Opposition disarray in West Bengal

Thursday 26 May 2005, by DAM*Marcus

The recent civic polls show it will take a lot more to seriously challenge the Left Front.

THE THUMPING victory of the Left Front in Sunday’s civic polls in West Bengal reflects a consolidation of its strength in the State’s urban constituencies. This can only bolster its prospects in the Assembly elections due next year, given its supremacy in the rural areas.

It has not only won in more than 60 per cent of the wards where elections were held but also wrested control of eight additional boards. It has increased its tally to 49 of the 79 municipalities in the State went to the polls.

The results indicate a substantial erosion in the support base of the Trinamool Congress whose position as the principal Opposition party in the State is now in peril. They also suggest the need for a lot more from the Opposition than a mere cobbling together of a grand anti-Left alliance popularly referred to as mahajot if the Left Front is to be seriously challenged.

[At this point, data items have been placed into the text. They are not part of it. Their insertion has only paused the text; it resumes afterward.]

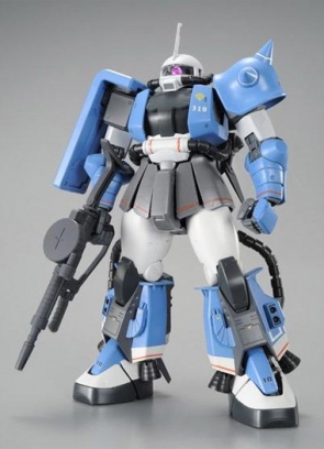 「MG 幽馬・萊特寧専用渣古II」是月刊GUNDAM ACE連載中的作品「機動戰士高達 MSV-R」裡登場的“青色雷光”「幽馬・萊特寧少尉」的愛機。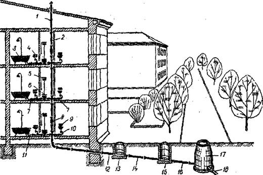 1 —- вытяжная вентиляционная труба; 2—стояк; 3 — ванна; 4 — умывальник; 5 — смывной бачок; 6 —унитаз; 7 — отводная труба; 8 — ревизия; 9 — мойка или раковина на кухне; 10 — гидравлический затвор; 11— напольный сифон; 12— выпуск; 13 — смотровой колодец на дворовой сети; 14 — дворовая сеть; 15 — контрольный колодец; 16 — соединительная ветка; 17 — смотровой колодец на уличной сети; 18 —уличная сеть.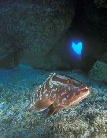 Grouper in the Tunnel of Love (Nikon F4, 18mm/3.5, Aquati...
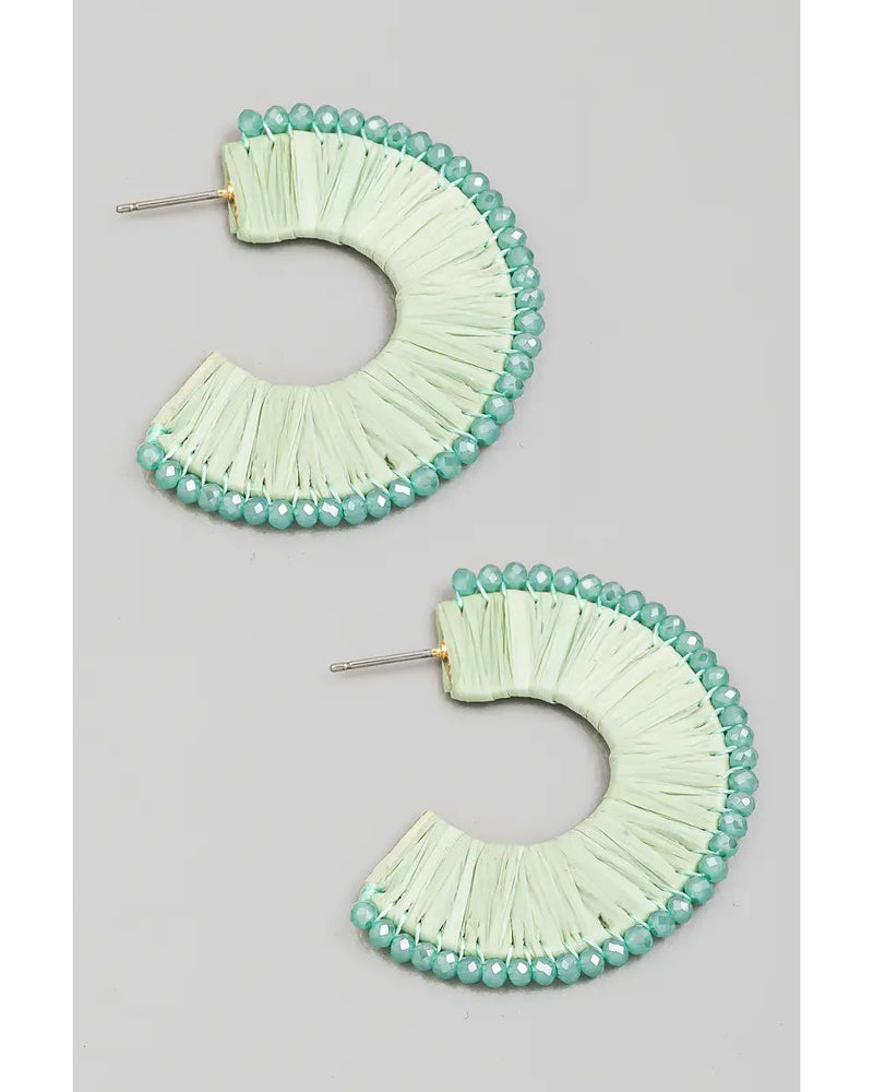 Beaded Edge Raffia Hoop Earrings - FINAL SALE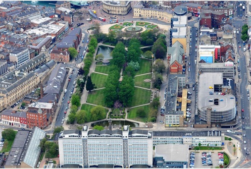Continue along Lowgate Road, which turns into Wilberforce Drive, until you reach the very tall monument – the Wilberforce Monument (behind which is Hull College). At the monument turn left, cross the pedestrian crossing and enter the Queen’s Gardens. Take the steps down to the left into the gardens and walk around the edge of the pond to its mid-point. From here you will see a footpath leading down the centre of the gardens between avenues of trees.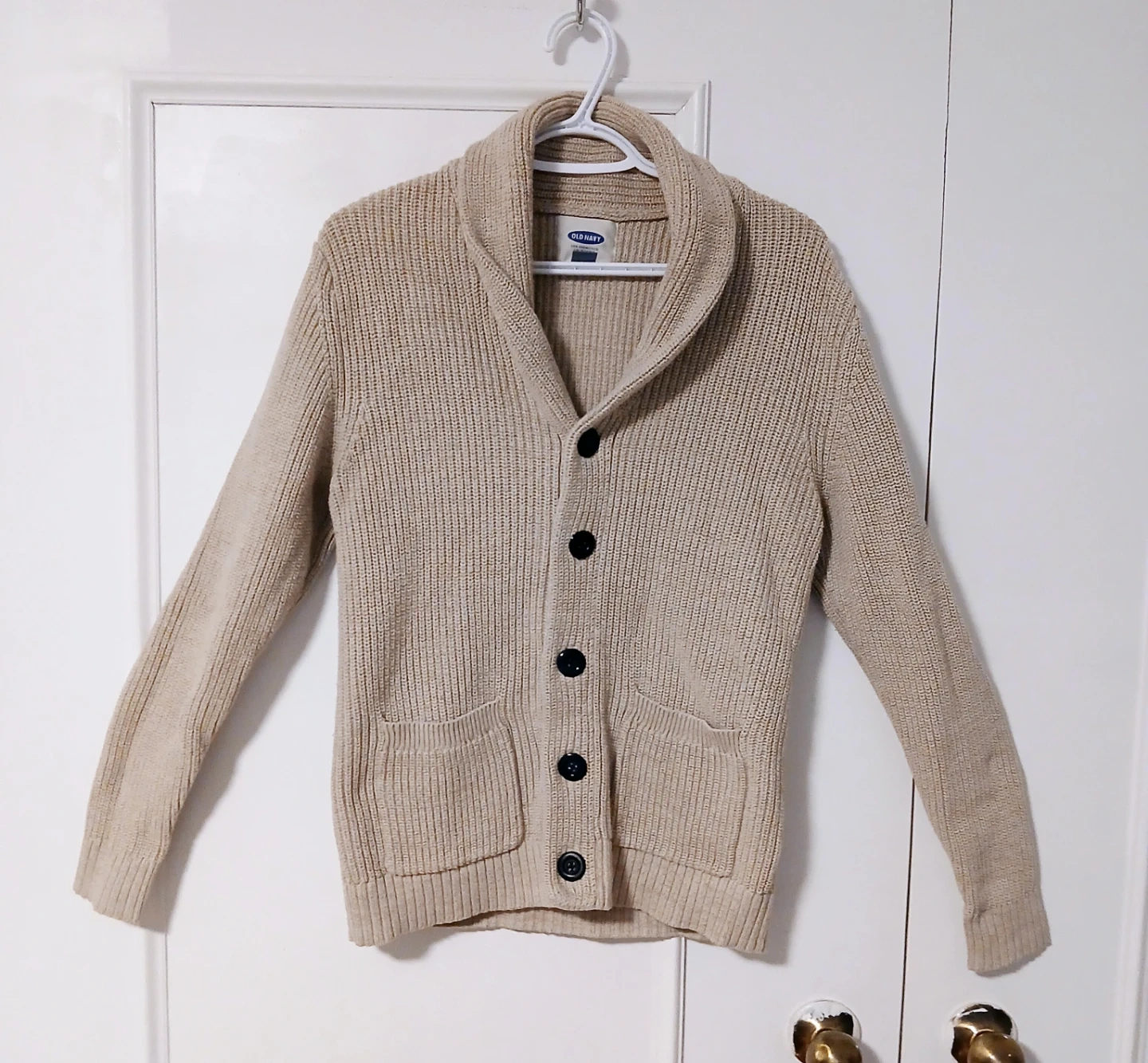 An Old Navy shawl collar beige cardigan. 100% cotton. Size Medium. Available for pick up in Meadowvale area, closest intersection Brittania and Glen Erin

The Trinamool leadership may have chosen to look the other way as a section of its leaders went into seat adjustments with the Congress in the recent polls. However, it still considers anathema a formal tie-up with a Congress that enjoys the support of the Left at the Centre.

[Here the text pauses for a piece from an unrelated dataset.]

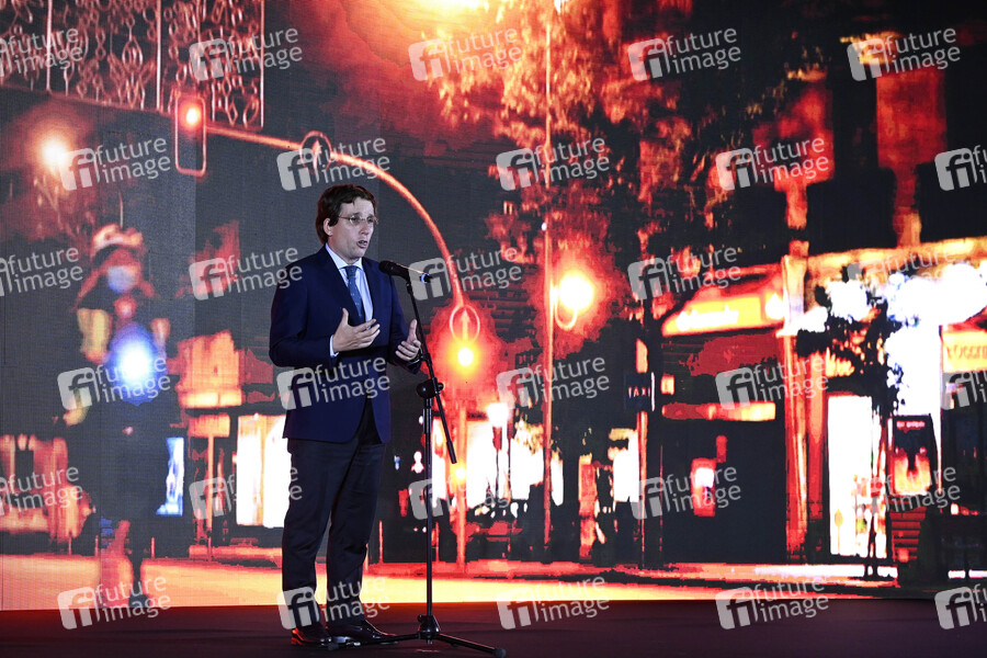 Jose Luis Martinez-Almeida (Bürgermeister von Madrid) beim Einschalten der traditionellen Weihnachtsbeleuchtung im Stadtzentrum. Madrid 26.11.2020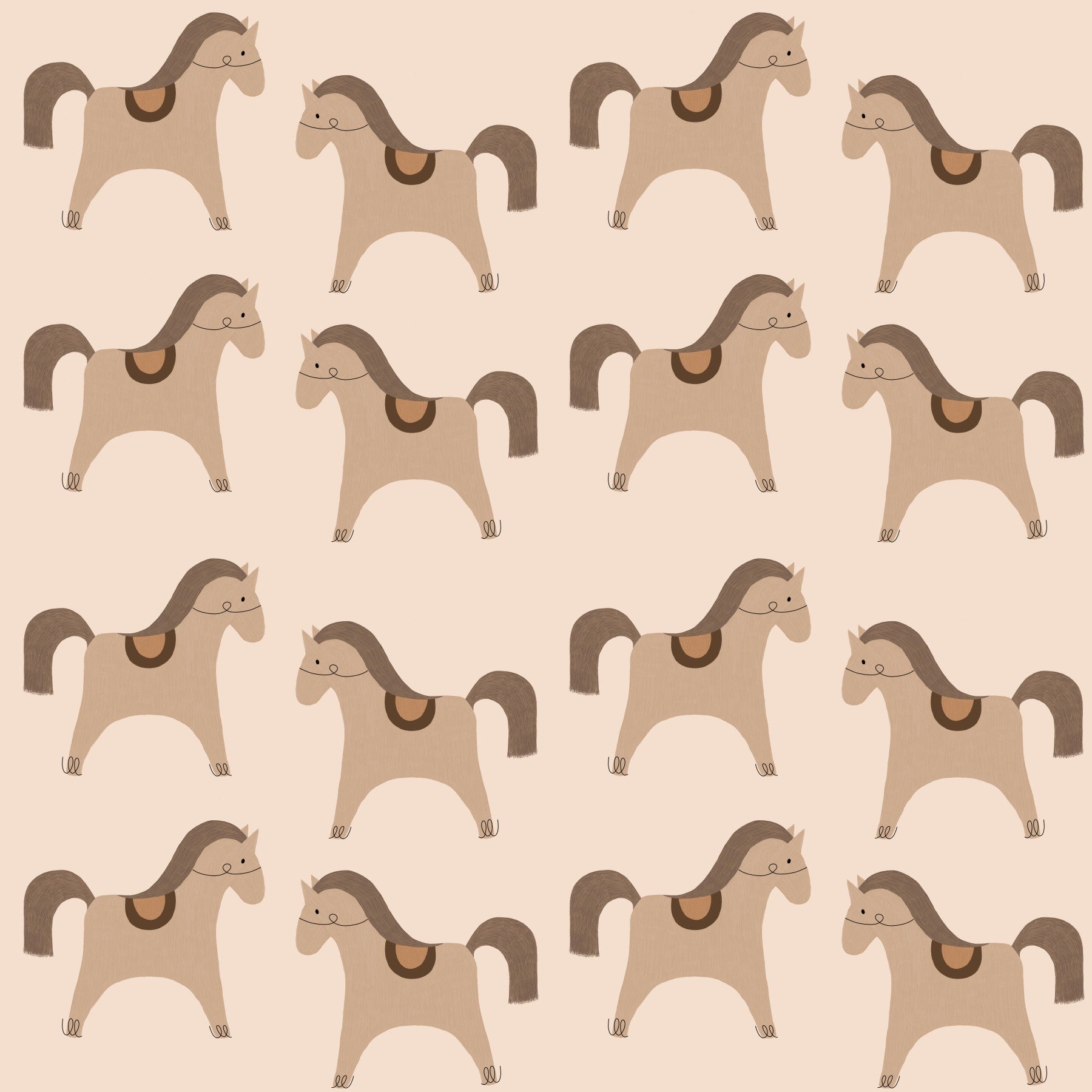 Embrace the whimsical charm of 'Delight Carousel 05,' a delightful wallpaper featuring a repeating pattern of stylized, friendly horses. Rendered in soft, earthy tones of beige and brown, these charming steeds exude a gentle and playful energy. Their simplistic design, complete with fluffy manes and tails, creates a calming and subtly nostalgic atmosphere, perfect for adding a touch of understated elegance and childlike wonder to any digital device. The repeating pattern provides a soothing visual rhythm, making it ideal for those seeking a peaceful and aesthetically pleasing background.

It was the question of a mahajot that precipitated a split within the Trinamool, leading to the formation of the United Democratic Alliance (UDA) whose litmus test as an electoral grouping will be the elections to the Kolkata Municipal Corporation on June 19. To suggest that the split did not have a bearing on the outcome of the municipal polls even though the UDA was not in the fray as an entity would be na?ve.

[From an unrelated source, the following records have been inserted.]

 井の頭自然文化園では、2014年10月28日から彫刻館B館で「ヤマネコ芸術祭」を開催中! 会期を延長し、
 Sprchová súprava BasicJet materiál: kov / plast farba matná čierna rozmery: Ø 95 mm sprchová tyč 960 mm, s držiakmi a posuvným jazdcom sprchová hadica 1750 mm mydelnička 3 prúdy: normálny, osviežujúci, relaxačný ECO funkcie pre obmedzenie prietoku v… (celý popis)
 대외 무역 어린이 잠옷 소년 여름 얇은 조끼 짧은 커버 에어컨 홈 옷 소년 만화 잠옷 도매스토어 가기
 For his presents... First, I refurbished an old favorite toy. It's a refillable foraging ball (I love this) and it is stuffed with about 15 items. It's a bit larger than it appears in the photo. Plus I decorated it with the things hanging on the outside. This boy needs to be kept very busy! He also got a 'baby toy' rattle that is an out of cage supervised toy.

For the Congress, infighting has proved costly. Yet for two elections in a row - the earlier being the 2004 Lok Sabha polls - it has managed to emerge as the strongest Opposition party in the State. Its citadel in Malda district where the writ of veteran leader A.B.A. Ghani Khan Chowdhury - a strong proponent of the mahajot theory - runs has fallen to the Left Front in the civic polls. Factionalism within the local leadership has also resulted in the Left making significant inroads into Murshidabad district; Defence Minister and Pradesh Congress Committee president Pranab Mukherjee was elected from here in the last Lok Sabha polls.

Despite winning in only three municipalities, Trinamool chief Mamata Banerjee insists her party has done well in areas where it contested on its own. The Congress, in its continuing attempt to woo Trinamool leaders with the purported view of preventing a split in the anti-Left vote in the coming elections, has blamed its reverses on the disunity in the Opposition ranks.

The Left Front leadership cites the civic poll results as evidence of the inadequacy of any such alliance forged with the singular purpose of contesting elections, dismissing such formations as "opportunistic and unprincipled."